While Malayalam cinema opted for the realistic approach till the 60s (Prem Nazir was the ruling superstar then), the 80s (with the entry of Priyadarshan and Mohanlal movies) gave way to music to enhance their story-telling as well. Kannada cinema had a singing superstar in Dr Rajkumar who became the beacon for the industry to shift from Madras later. The song and the resultant choreographed visuals has been the staple for Indian cinema which was not called “art house” but the irony is that, music and dance are key art forms, which late Telugu filmmaker K Vishwanath used as tools of expression in every film of his, and these art forms are seen as infra-dig sometimes.
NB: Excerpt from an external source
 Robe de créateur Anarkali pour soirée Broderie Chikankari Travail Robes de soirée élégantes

There was (and I hope it is in the past tense) a certain amount of disdain on Naatu Naatu winning Best Song across the main award podiums. This is the above mentioned irony playing out I guess! There was also a lot of debate on how Jai Ho or Naatu Naatu weren’t the best works of A R Rahman and M M Keeravani. At the risk of alienating the “critics”, these were the best songs in the movies that featured them and the movies got nominated and the songs got into the final list as well. How difficult is that to comprehend?
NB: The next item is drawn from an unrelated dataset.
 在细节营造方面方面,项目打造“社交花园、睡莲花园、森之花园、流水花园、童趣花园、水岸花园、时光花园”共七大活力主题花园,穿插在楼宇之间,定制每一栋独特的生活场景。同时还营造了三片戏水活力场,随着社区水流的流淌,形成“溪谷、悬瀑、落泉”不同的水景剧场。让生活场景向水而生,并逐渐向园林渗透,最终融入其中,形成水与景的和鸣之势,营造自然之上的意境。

For the first time, the Indian “masala” or the Indian staple diet of entertainment got recognized by the who’s who of entertainment world and it wasn’t a Hindi film that did this. In RRR, the modest (read silent and rather shy) south film industry had spoken. The south unlike Hindi/Bengali cinema, is a place where heroes are worshipped akin to gods (the long queues outside NTR’s Chennai home was not a myth – people lined up to see their “Lord Rama and Lord Krishna/Srinivasa” in flesh and blood as much as they’d queue up in Tirupathi. NTR was famous for roles in mythologies and even won his elections thus). It is an industry where songs and dances were not mere reflections of their regional music but were a lot more musically profound (almost all leading music composers of India are from the south) colorful and splendor-filled (take even the recent Chiranjeevi film Walter Veeraiyah and see the song picturisation). This splendor is what Rajamouli captures in his films and this primary requisite of a successful Indian film is what his RRR showcases. The disdain is unwarranted as the song and its composer have won as a collective.
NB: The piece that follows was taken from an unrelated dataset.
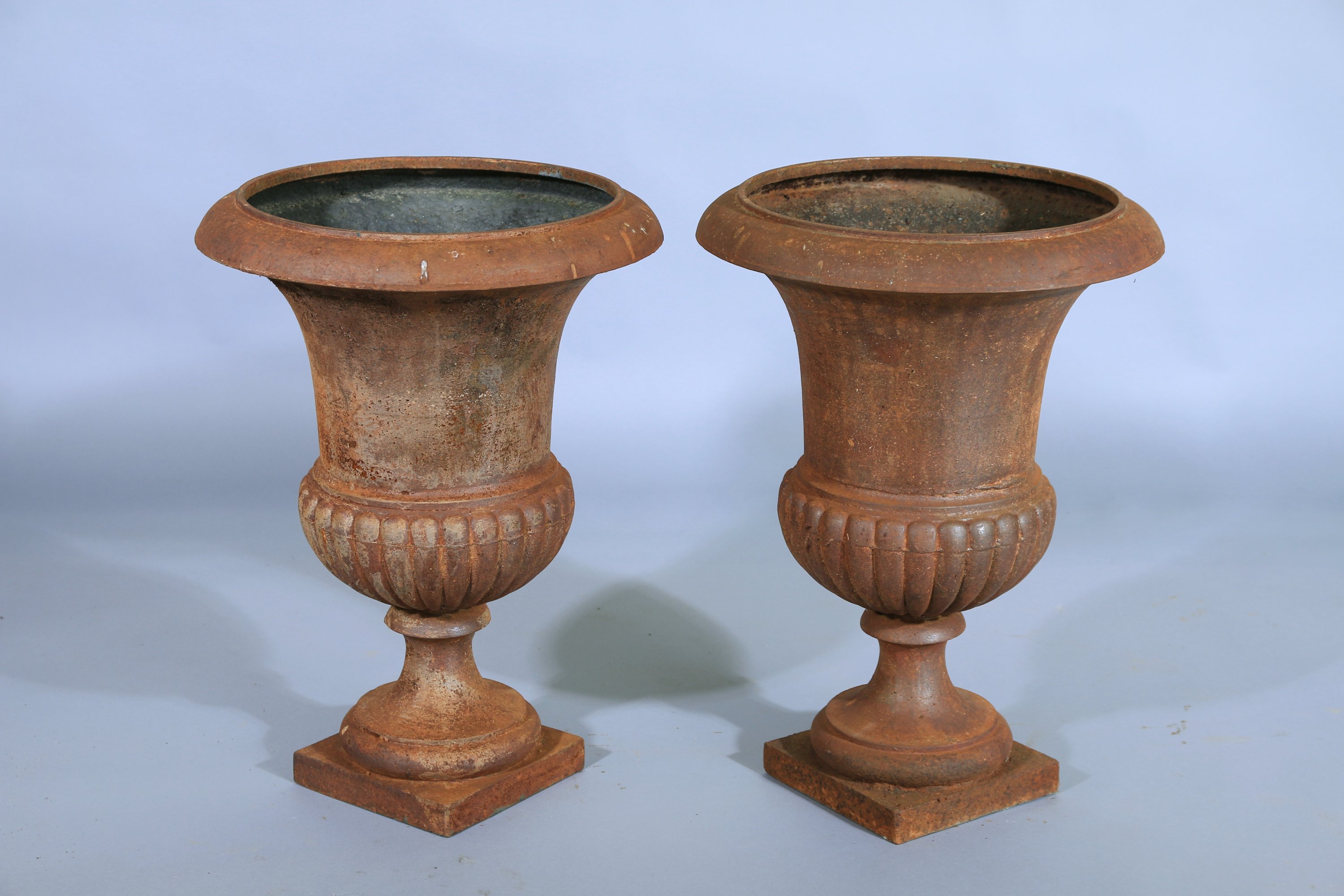 A lèvres évasées et panses à décor de godrons, ils reposent sur des piédouche montés sur des socles carrés.

During the Oscars, I couldn’t help but notice that team RRR were seated in the last row, apart from the nominees who were seated in the middle. One day soon, this seating line-up will change and a lot more film talents from India and more so from the south of India, will take the Centre (and the stage). Being last means we have more to conquer. Thanks to RRR and Naatu Naatu we can now move to the middle and then all the way to the front row soon. And we will do it with a song and a dance to boot.